** Opening Supplied information block **
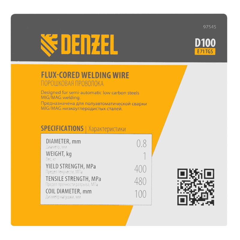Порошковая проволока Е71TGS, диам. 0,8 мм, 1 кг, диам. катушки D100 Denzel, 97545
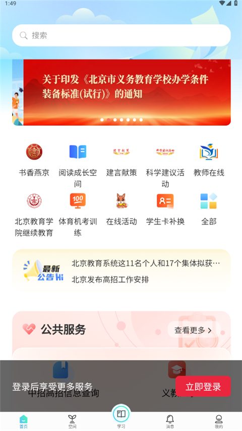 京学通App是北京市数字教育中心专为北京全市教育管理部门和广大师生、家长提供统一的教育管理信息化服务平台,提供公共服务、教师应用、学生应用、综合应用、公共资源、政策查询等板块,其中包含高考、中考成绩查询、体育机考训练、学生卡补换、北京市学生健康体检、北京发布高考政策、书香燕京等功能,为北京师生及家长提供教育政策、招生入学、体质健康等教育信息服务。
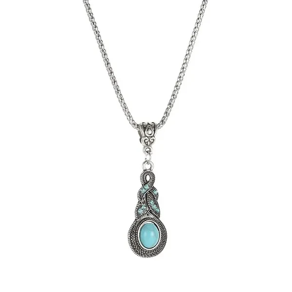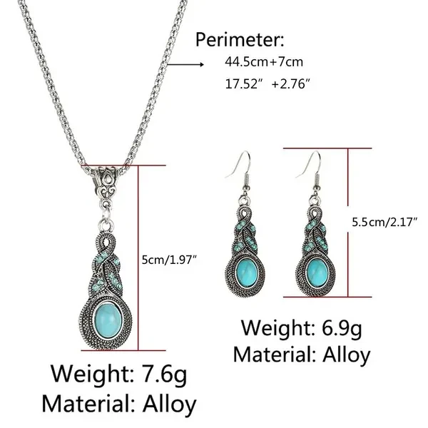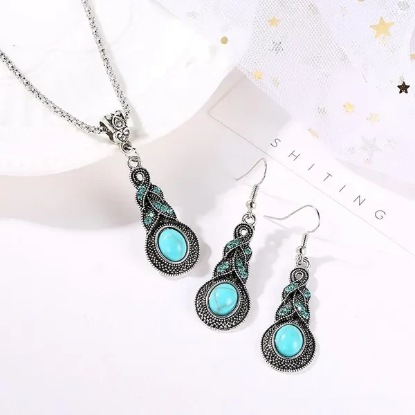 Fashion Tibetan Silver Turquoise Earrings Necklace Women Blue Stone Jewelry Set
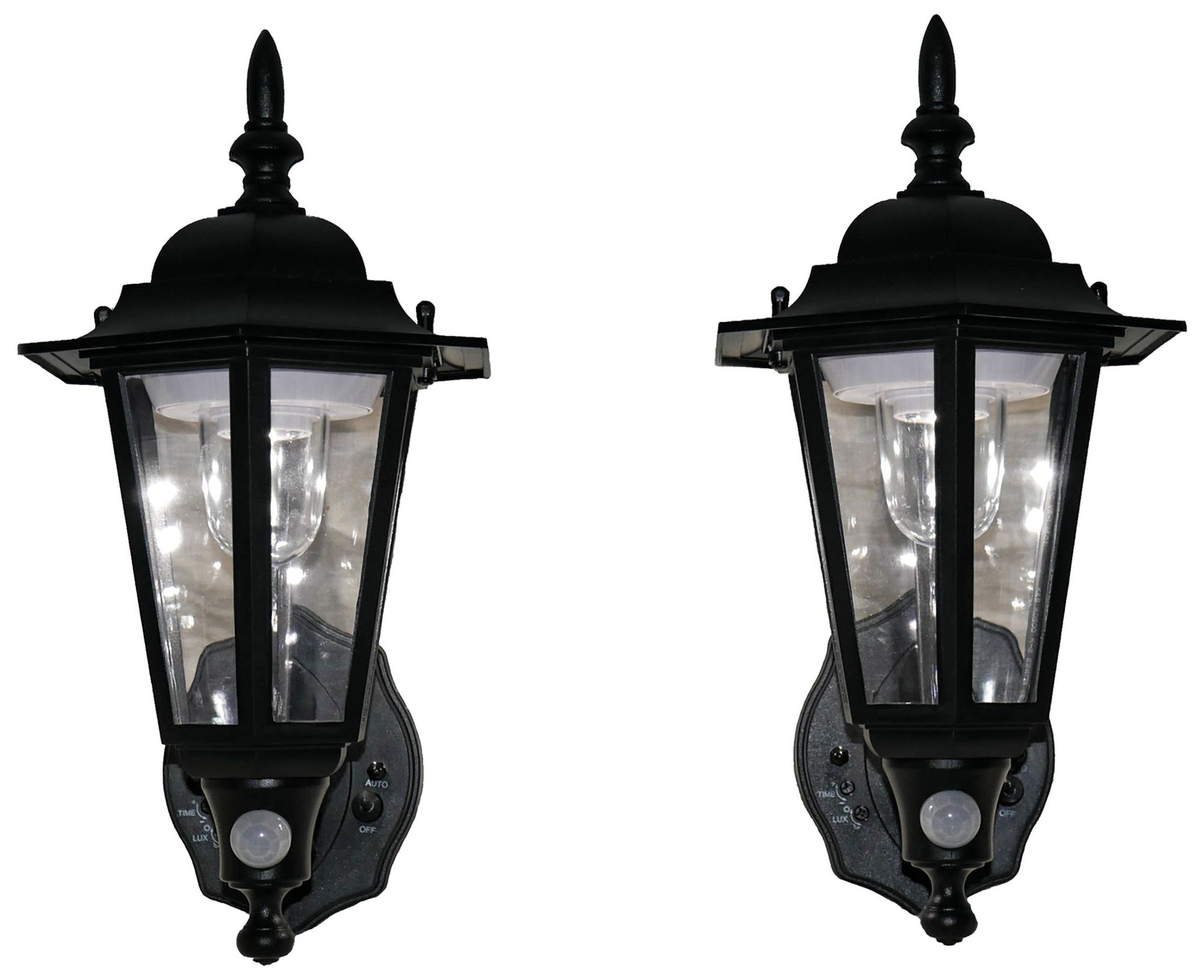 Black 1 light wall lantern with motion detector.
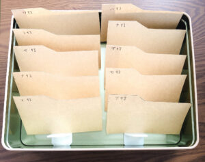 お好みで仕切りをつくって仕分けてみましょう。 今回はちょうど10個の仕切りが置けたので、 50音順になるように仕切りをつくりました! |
** Closing Supplied information block **
Retype the data word for word and keep the pictures out of it.

Порошковая проволока Е71TGS, диам. 0,8 мм, 1 кг, диам. катушки D100 Denzel, 97545
 京学通App是北京市数字教育中心专为北京全市教育管理部门和广大师生、家长提供统一的教育管理信息化服务平台,提供公共服务、教师应用、学生应用、综合应用、公共资源、政策查询等板块,其中包含高考、中考成绩查询、体育机考训练、学生卡补换、北京市学生健康体检、北京发布高考政策、书香燕京等功能,为北京师生及家长提供教育政策、招生入学、体质健康等教育信息服务。
 Fashion Tibetan Silver Turquoise Earrings Necklace Women Blue Stone Jewelry Set
 Black 1 light wall lantern with motion detector.
 お好みで仕切りをつくって仕分けてみましょう。 今回はちょうど10個の仕切りが置けたので、 50音順になるように仕切りをつくりました! |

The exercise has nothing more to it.